È andata. La prima puntata è finita e ti resta il magone addosso almeno finché non riesci, a fatica, ad addormentarti. E sì, perché con “Gazebo” finisce sempre così. Ci sono serate in cui ridi ma è sempre un riso dal retrogusto amaro. E poi ci sono serate come quella del 27 aettembre, in cui si parte ridendo e si finisce senza parole, a fissare lo schermo senza sapere bene cosa dire di fronte alle immagini trasmesse.
Una quarta stagione che non stanca, senza tradire le sue origini
Il rischio, quando un format arriva alla sua quarta stagione, è quello di stancare, perdere la freschezza degli esordi, non essere più una novità.
Soprattutto il rischio è quello di non dare un valore aggiunto alla visione, di omologarsi a tanti altri programmi che passano per la Televisione e allora perché fare la fatica di restare in piedi fino all’una di notte, di domenica sera, poi, quando il mattino dopo devi alzarti per andare a lavorare/all’università?

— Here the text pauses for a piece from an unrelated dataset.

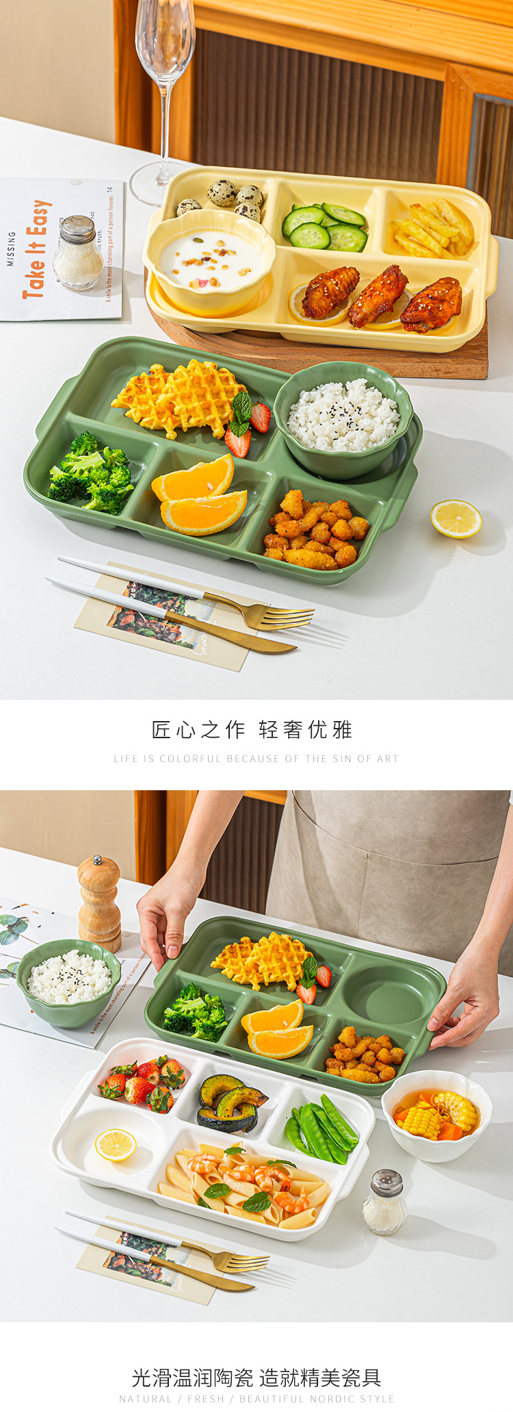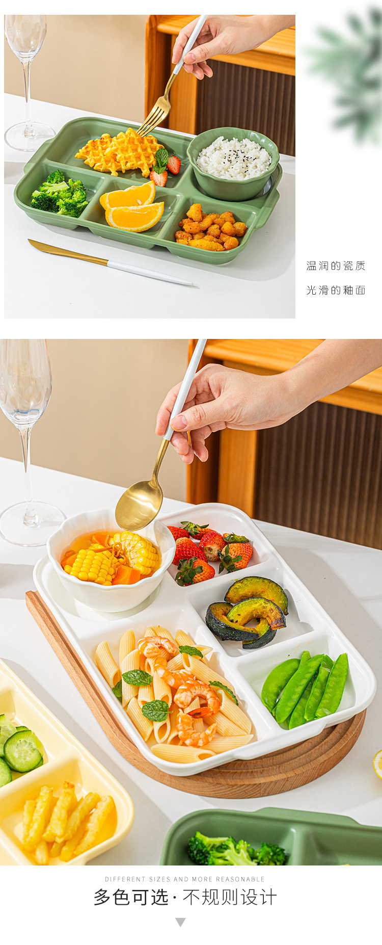 크림 스타일 1 인용 다이어트 플레이트 성인 지방 감소 문 식기 아침 식사 접시 어린이 직사각형 패스트 푸드 플레이트스토어 가기

Fortunatamente “Gazebo” non incorre in questo problema. Non con un’apertura di stagione simile, per lo meno. Si parte con la social top ten e la lente d’ingrandimento si posa subito su tutti gli svarioni estivi di politici e non più o meno famosi che ci siamo persi, dopo le cinque prime serate di chiusura del programma. Sembra buttarla subito sul ridere, Diego Bianchi in arte “Zoro”, ed è proprio quando lo spettatore tiene la guardia abbassata che parte il colpo a tradimento.
Non è una stilettata improvvisa, ma un sentimento di disagio che ti assale lentamente e cresce mano a mano che le immagini del reportage dal Roszke, sul confine ungherese, si susseguono.
Diari da #RomaRoszke
Ma andiamo con ordine. Quella di ieri sera è stata una puntata “monotematica”, sì, perché il tema da affrontare era importante e poco coperto dal resto della tv generalista – ma anche sul satellite – italiana.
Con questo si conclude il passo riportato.